Have been to the park lots of times but never have camped there. This will be the first time the OB has been used at a full hookup site, kinda excited.


----------



## HootBob (Apr 26, 2004)

Have a great time
And a safe trip

Don


----------



## Reverie (Aug 9, 2004)

Let us know how it works for you. We are heading to Stone Mountain in a few weeks with some camping friends and want to get the lowdown.

Reverie


----------



## RizFam (Feb 25, 2006)

I'm excited for you.








Have a Great Time & Be Safe.

Tami


----------



## HausmannM (Mar 17, 2007)

I have heard great things about it...would like to take the family one day!


----------



## jewel (May 16, 2005)

FraTra said:


> Have been to the park lots of times but never have camped there. This will be the first time the OB has been used at a full hookup site, kinda excited.

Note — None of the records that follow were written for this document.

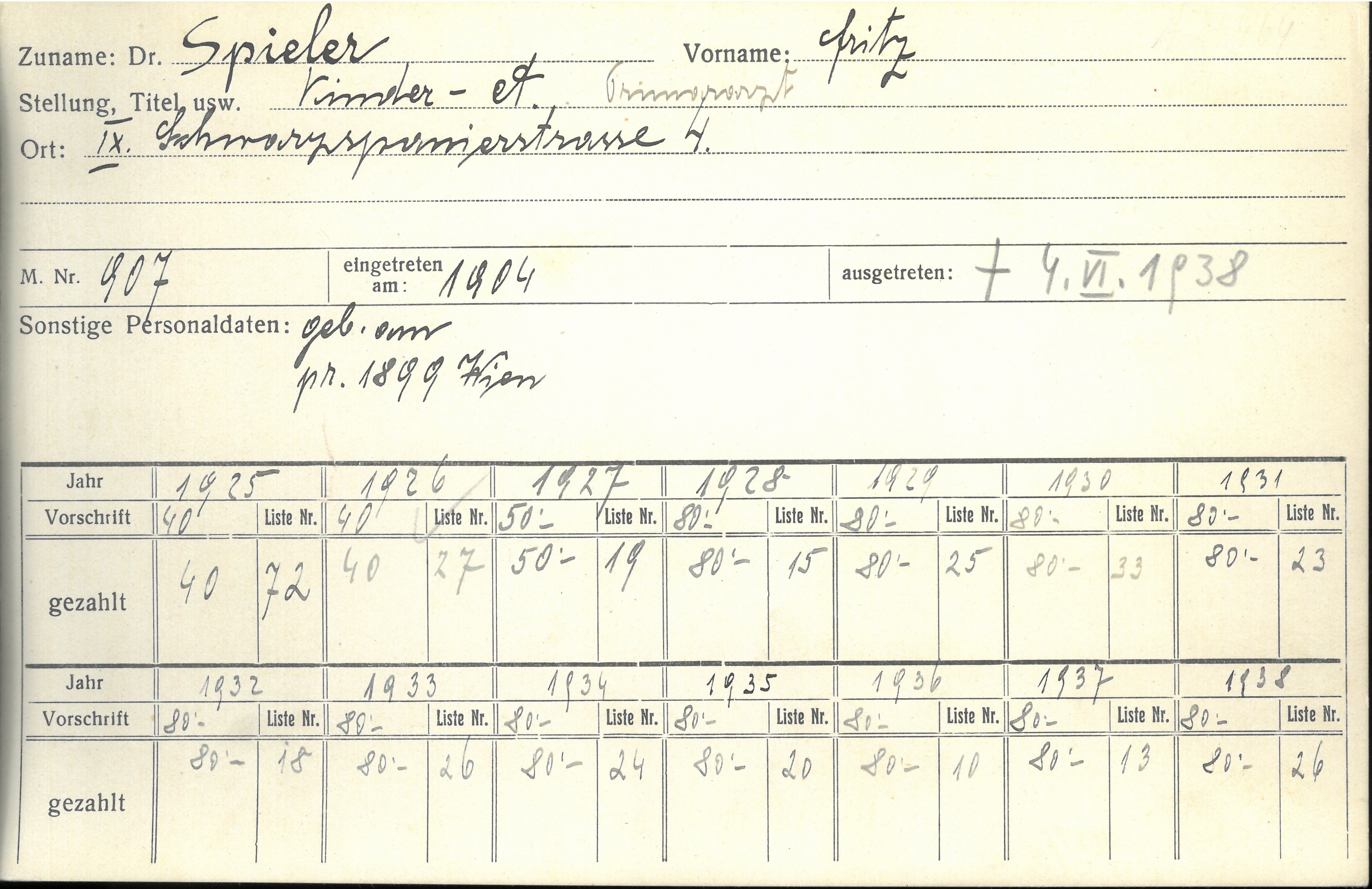 Adresse (von Karteikarte) Schwarzspanierstraße 4, 1090 Wien
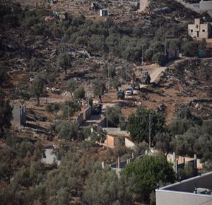 مواطنون يتفقدون مكان اعدام الاحتلال ثلاثة شبان في قرية كفر قود غرب جنين
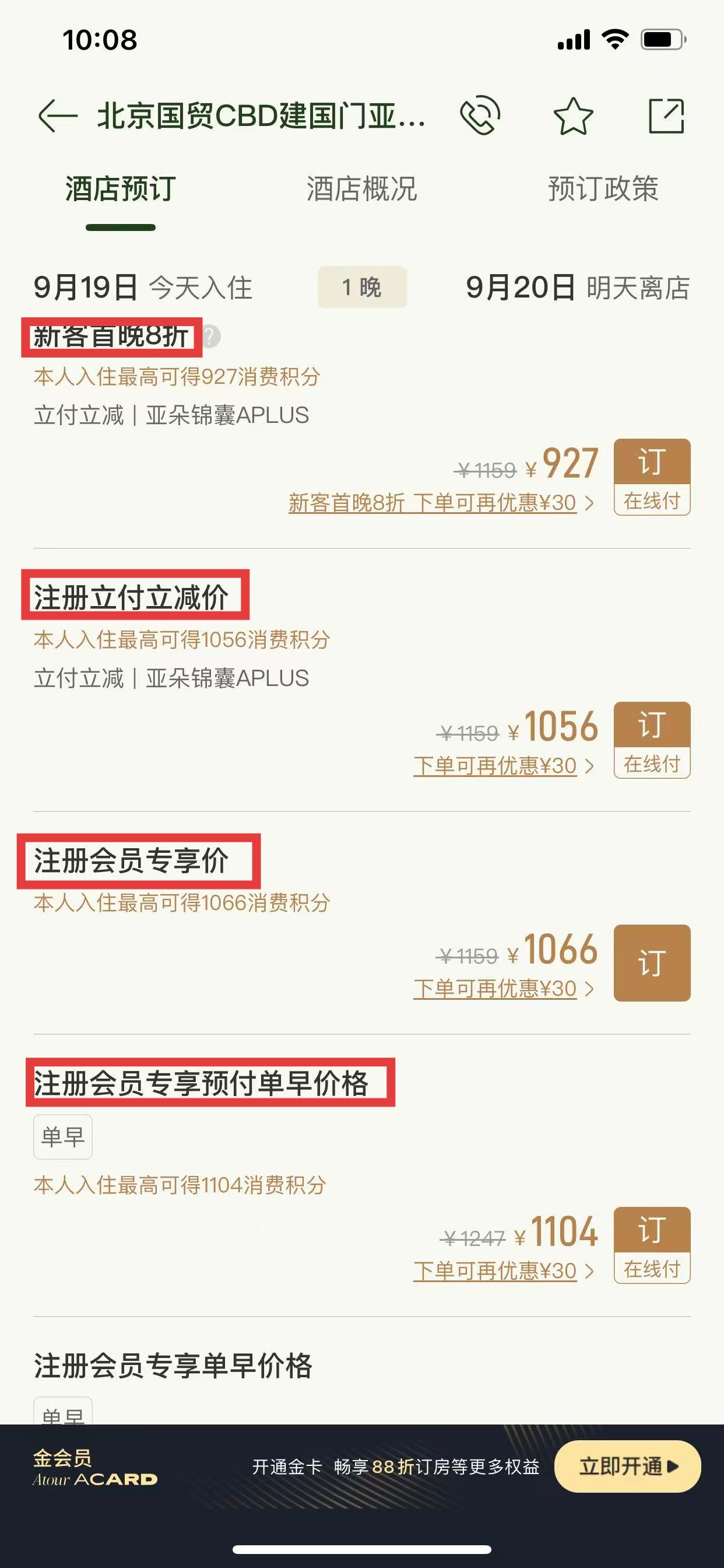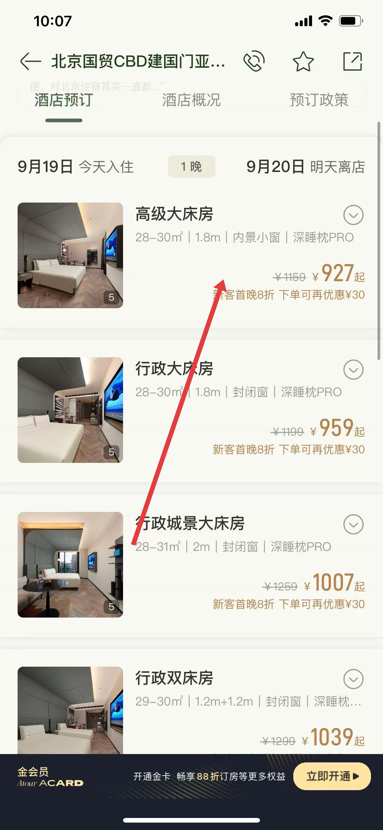 5、對(duì)比帶有新客首晚8折、注冊(cè)立付立減價(jià)、注冊(cè)會(huì)員專(zhuān)享價(jià)等標(biāo)注的價(jià)格,選擇最便宜的房型。

oooo that is SO exciting! LOL I love hook up camping (we hardly ever do it!) Have a great time!! Looking forward to hearing all about it when you get back!!!


----------



## coachcollins42 (Mar 6, 2007)

been there many times! Have a great trip and let us know how it goes.

jake


----------



## fspieg (Jul 31, 2006)

Went there about ten years ago. Great lazer light show. Have fun.


----------



## tdvffjohn (Mar 10, 2005)

Sounds like fun....Enjoy


----------



## mountainlady56 (Feb 13, 2006)

Reverie said:


> Let us know how it works for you. We are heading to Stone Mountain in a few weeks with some camping friends and want to get the lowdown.
> 
> Reverie


I'd like to know how it goes, too!! When my oldest son was young, we went for 3 nights, camping, and it was owned by the state, then. Parking sites were tedious to park in, even with a 16 1/2' Scotty travel trailer, being towed by a Chrysler Parisienne station wagon!! (The good ol' days!)
I'm wondering if they REALLY have made improvements in the CG and the sites, or not, as advertised. I'd love to go back and visit and enjoy the laser light show (we had to go EVERY NIGHT!).








Darlene


----------



## FraTra (Aug 21, 2006)

sgalady said:


> Let us know how it works for you. We are heading to Stone Mountain in a few weeks with some camping friends and want to get the lowdown.
> 
> Reverie


I'd like to know how it goes, too!! When my oldest son was young, we went for 3 nights, camping, and it was owned by the state, then. Parking sites were tedious to park in, even with a 16 1/2' Scotty travel trailer, being towed by a Chrysler Parisienne station wagon!! (The good ol' days!)
I'm wondering if they REALLY have made improvements in the CG and the sites, or not, as advertised. I'd love to go back and visit and enjoy the laser light show (we had to go EVERY NIGHT!).








Darlene








[/quote]

Went pretty well. It's a nice enough CG to stay at to do the park attractions, but everything you have heard about the camp sites are probably true. They are not very level even the asphalt ones. The pull thru next to me was probably 3 or 4 feet drop from one end to the other. You'll also need lots of levelers depending on your site. I had to use 4 lynx levelers on mine. Some sites look small and tight and a lot of sites are still gravel and not level. our site 434 looked to be the largest pull thru they have but when we got there it was no bigger than the average. I had to use an extension on my power cord to reach the sewer because they were so far apart. The campground overall is very hilly and has a lot of tight turns also. The park emplyees are very nice and helpfull.


----------



## skippershe (May 22, 2006)

Welcome Home FraTra









Glad to hear everything went well...good thing you were prepared with the levelers and extension cords









Got photos??


----------